* **RECORDED DATA**:
☆ ☆ ☆

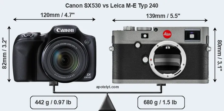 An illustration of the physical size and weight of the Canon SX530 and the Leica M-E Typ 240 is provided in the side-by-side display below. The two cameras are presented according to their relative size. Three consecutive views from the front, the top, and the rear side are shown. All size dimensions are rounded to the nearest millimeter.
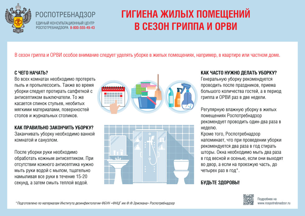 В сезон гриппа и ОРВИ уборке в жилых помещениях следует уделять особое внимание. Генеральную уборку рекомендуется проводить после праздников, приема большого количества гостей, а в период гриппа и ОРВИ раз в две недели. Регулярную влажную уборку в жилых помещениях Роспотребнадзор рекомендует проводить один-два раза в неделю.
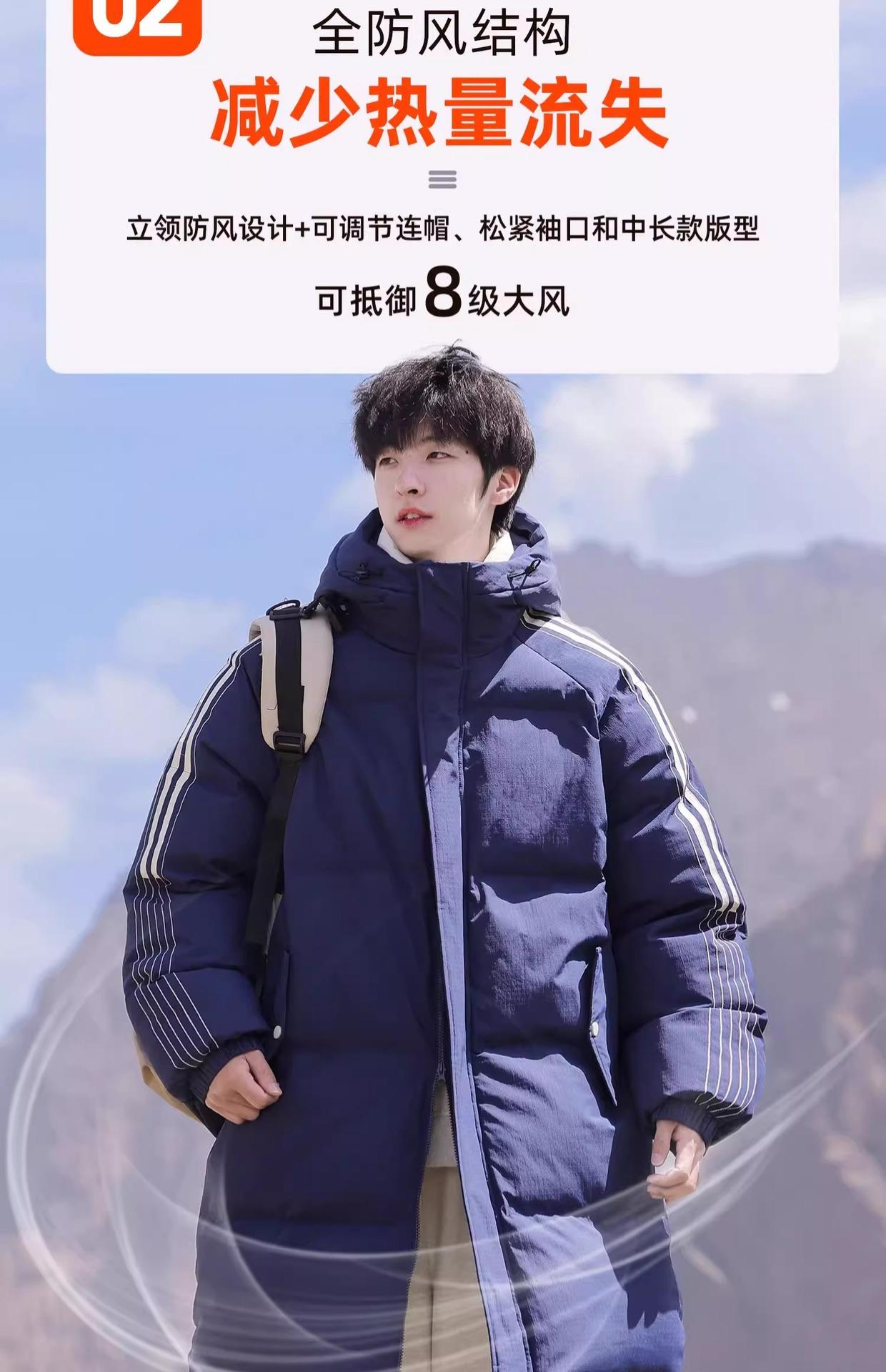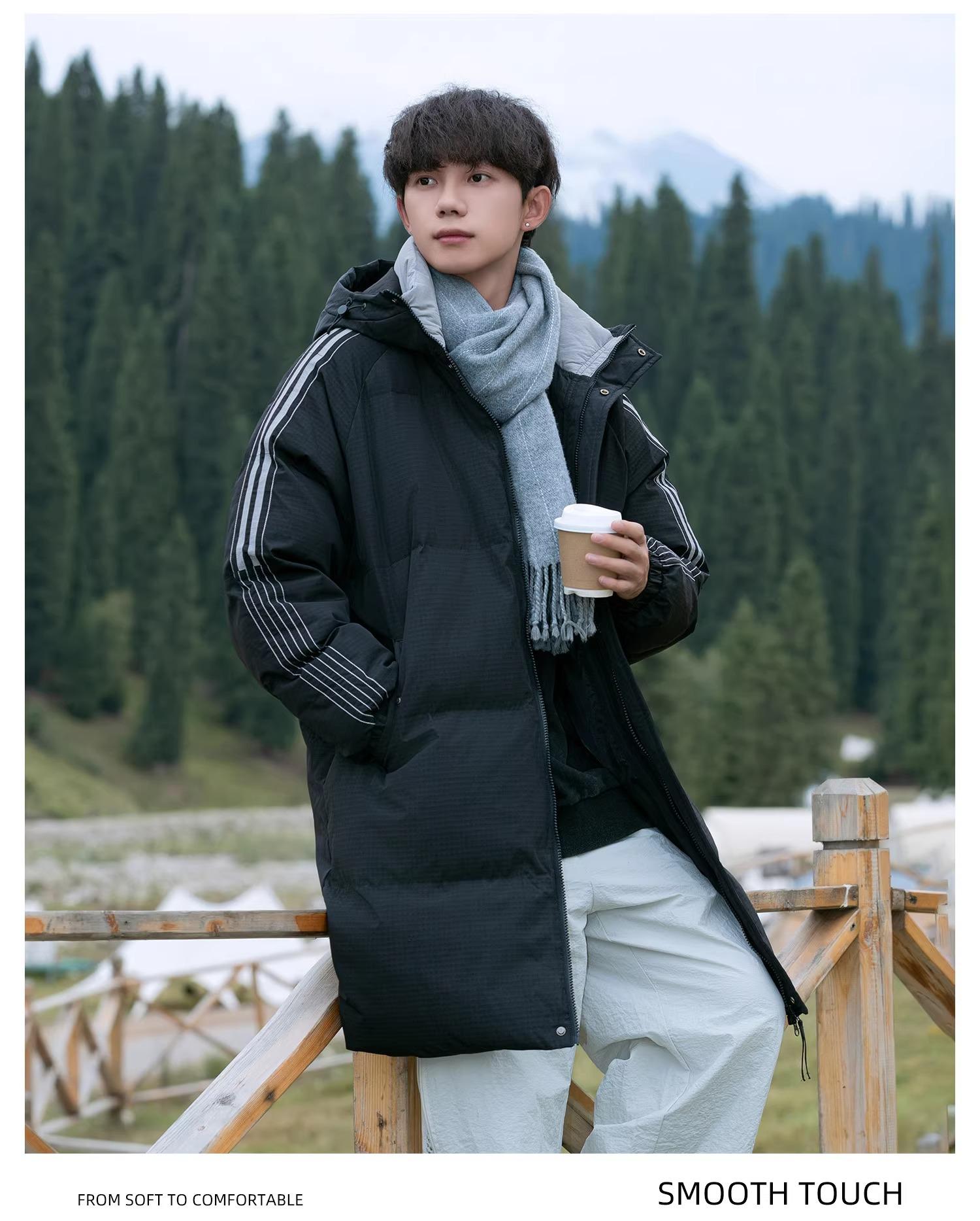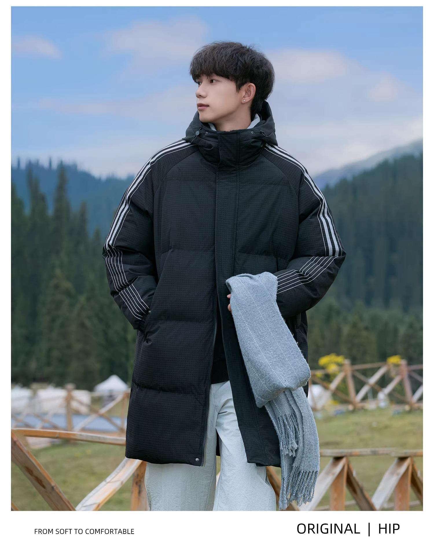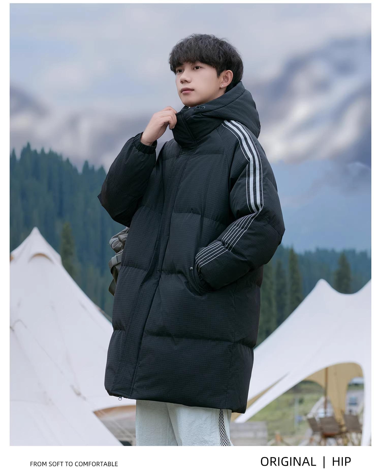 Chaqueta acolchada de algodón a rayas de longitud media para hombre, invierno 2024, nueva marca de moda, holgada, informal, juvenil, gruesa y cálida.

☆ ☆ ☆

* **WHAT YOU SHOULD DO**:
Print the material above once more, exactly. No pictures belong in it.

* **OUTPUT OF THE TASK**:
 An illustration of the physical size and weight of the Canon SX530 and the Leica M-E Typ 240 is provided in the side-by-side display below. The two cameras are presented according to their relative size. Three consecutive views from the front, the top, and the rear side are shown. All size dimensions are rounded to the nearest millimeter.
 В сезон гриппа и ОРВИ уборке в жилых помещениях следует уделять особое внимание. Генеральную уборку рекомендуется проводить после праздников, приема большого количества гостей, а в период гриппа и ОРВИ раз в две недели. Регулярную влажную уборку в жилых помещениях Роспотребнадзор рекомендует проводить один-два раза в неделю.
 Chaqueta acolchada de algodón a rayas de longitud media para hombre, invierno 2024, nueva marca de moda, holgada, informal, juvenil, gruesa y cálida.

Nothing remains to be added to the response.